Set down your phone — but perhaps after you read this.
Ahead of his presentation at 2019’s SXSW conference, cultural anthropologist Brian Solis joined Yahoo!’s JP Mangalindan, TechCrunch’s Josh Constine — and even Carlos Gil in a souped up and Instagrammable Cadillac — to promote the book launch for Lifescale: How to Live a More Creative, Productive and Happy Life.
Lifescale is Solis’ eighth book — or tome — if you prefer to use four letter words for physical literature.
In a departure from his previous works, in Lifescale Solis takes a step back, encouraging his audience to disconnect, unplug, decrease time on social media and generally remove constant distractions to regain the capacity to focus and create.
A twenty-year Silicon Valley veteran, advisor to dozens of startups, digital analyst/anthropologist — yes, it’s a profession and not just a degree, it turns out — and bestselling author, Solis tells the story of how technology affected his personal and professional lives and how it’s affecting everyone else.
“The expertise I bring to this project is from my background in tech and research. So many of us are stuck on a treadmill of multitasking, constantly putting out fires and unable to complete important projects because our attention spans have become so short,” he said.
Maybe it’s the Ritalin
Solis says he only figured out how much distraction was impacting his life when he failed to deliver what would have been his eighth book.
“Unlike the authors of some other self-help titles, I’m speaking less as an authority on the topics I’m exploring and more as someone who is trying different approaches and sharing what works and doesn’t. I’m also digging deeper to explore how to fix what’s broken and discover what I couldn’t see before. It’s a journey the reader and I are sharing. It’s personal. With each step, we’re learning, unlearning and growing together.”
If Solis is starting to sound a bit like “human guinea pig” Tim Ferris to you, maybe you’re on to something. Lifescale also shares a Silicon Valley insider’s understanding of the dark ways in which Facebook, Netflix, and thousands of game developers use manipulative techniques like persuasive design to distract and even addict us.
In the Doldrums
A keynote speaker and author of X: The Experience when Business Meets Design, Solis shared that a few years ago he found his work suffered while he was lost in a “sea” of to-do lists that were taking longer and longer to complete.
Looking to solve his problem, he began researching the issue. Lifescale evolved as his search for effective resources came up dry. “When I Googled potential solutions, ironically, they were helpful, but superficial in nature. The popular recommendations included turning the phone off, deleting apps, turning off notifications, downloading Calm or Headspace, practicing meditation and Yoga, going to Burning Man and the Esalin Institute.
“But they largely treated symptoms and didn’t do much about getting to the root of this problem and how we can work thorough it to really live our best lives,” — Brian Solis.
Solis’ research would eventually discover much more behind the struggles of multitasking and distractions. “I uncovered an alarming array of issues that range from insomnia, stress and anxiety to challenges with self-esteem, loneliness, insecurity, self-loathing, fear and depression,” he said.
When Brian admitted he had “issues”
Distraction became such a problem that he shifted gears to address the issue.
“In a way, I wrote Lifescale because I had to, as a way to understand my own issues and help myself regain the capacity for serious work, creativity and joy that I’d lost to the online world intent on abducting attention and monetizing it.
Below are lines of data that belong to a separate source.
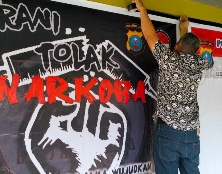 Kapolsek Bilah Hulu AKP Ramses Panjaitan menjelaskan spanduk-spanduk yang dipasang di KBN Desa Pondok Batu berisi imbauan-imbauan terkait menolak Narkoba. Hal itu bagian dari upaya Polsek Bilah Hulu benahi posko KBN.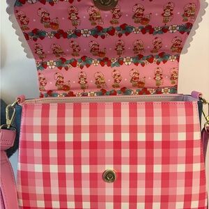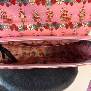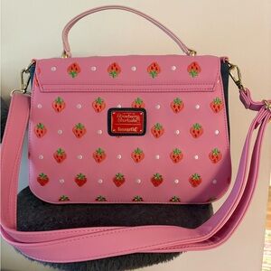 BRAND NEW, NEVER BEEN USED Strawberry Shortcake bag from Loungefly. Received for Christmas and never used. My kitten put a few claw marks on the front-price reflects. Last 2 pics are of the claw marks 🥺🤦🏼♀️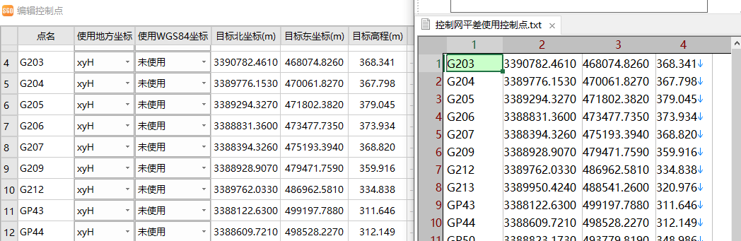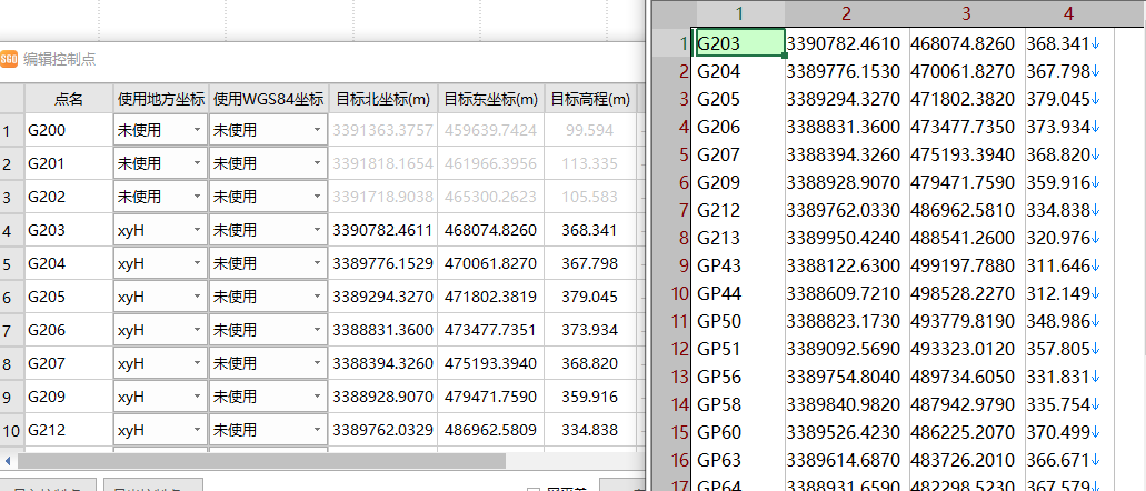 3、对比导入结果,发现小数位后面的3位小数,随机变化了。这个对于测量来说是不应出现的问题。我测试过很多方法,比如说把控制点补到4位小数,但是结果导入还是一样的会出现这个问题。那到底有没有解决方法呢。答案是肯定有的,不然我也不会写这篇文章了。

The constant pressure to share and engage online, the false validation of likes and followers, the mindless scrolling that distracted me from my work and my personal life,” Solis said.
“It’s a guide for recentering life and rediscovering yourself, understanding how we gave into the seduction of all this new and intoxicating tech (and the tech to come) to connect with the values, purpose and vision to move us forward,” he said. “We all need a guide to take control of our lives and become the guiding light for those around us who are quietly struggling.”
Solis says he sees Lifescale and the process of “life scaling” as a movement rather than just a stand-alone book. He’s creating a newsletter, website, blog and academic curriculum to help life coaches share this work with a wider audience.
Overall, he’s (surprisingly) upbeat about society’s ability to manage its addiction to distraction.
“I believe, and I’m an optimist, that we still need tech. I’m not giving up my phone…I’m just going to be more mindful about how I use it.”